Sensitive Pepsin Immunoassay for Detection of Laryngopharyngeal Reflux

John Knight et al. Laryngoscope. .

Abstract

Objectives/hypothesis: To determine whether measurement of pepsin in throat sputum by immunoassay could be used as a sensitive and reliable method for detecting laryngopharyngeal reflux (LPR) compared with 24-hour double-probe (esophageal and pharyngeal) pH monitoring.

Study design: Patients with clinical LPR undergoing pH monitoring provided throat sputum samples during the reflux-testing period for pepsin measurement using enzyme-linked immunoadsorbent assay.

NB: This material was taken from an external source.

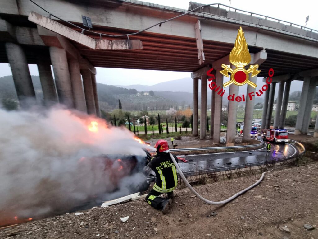 “Questa mattina poco dopo le 7:00, secondo quanto abbiamo potuto ricostruire grazie alle telecamere posizionate sul tratto, un autoarticolato che percorreva l’autostrada A1 in direzione Bologna tra Calenzano e Barberino di Mugello, nell’affrontare una curva, ha prima perso il controllo andando a urtare la barriera di sicurezza sul lato sinistro poi, a seguito dell’impatto, ha invertito rapidamente la sua direzione andando a urtare con elevato angolo di incidenza la barriera di sicurezza posta sul lato destro, abbattendola e cadendo oltre il viadotto. A seguito dell’incidente il mezzo è andato in fiamme” ha ricostruito Matteo Marvogli, Direttore di Tronco di Firenze di Aspi, in un’intervista a Isoradio.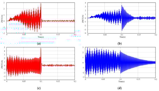 The ZSCC with consistent inductance parameters is depicted in Figure 13a,b, and the ZSCC with perturbed inductance parameters is illustrated in Figure 13c,d.

Results: Pepsin assay results from 63 throat sputum samples obtained from 23 study subjects were compared with their pH monitoring data. Twenty-two percent (14/63) of the sputum samples correlated the presence of pepsin with LPR (pH < or = 4 at the pharyngeal probe), of which the median concentration of pepsin was 0.18 microg/mL (range 0.003-22 microg/mL). Seventy-eight percent (49/63) of the samples unassociated with (pharyngeal) reflux contained no detectible pepsin. Mean pH values for pepsin-positive samples were significantly lower than negative samples at both esophageal probe (pH 2.2 vs. pH 5.0) (P < .01) and the pharyngeal probe (pH 4.4 vs. pH 5.8) (P < .01). When the pepsin assay results were compared with the pharyngeal pH data for detecting reflux (events pH < or = 4), the pepsin immunoassay was 100% sensitive and 89% specific for LPR.

Conclusions: Detection of pepsin in throat sputum by immunoassay appears to provide a sensitive, noninvasive method to detect LPR.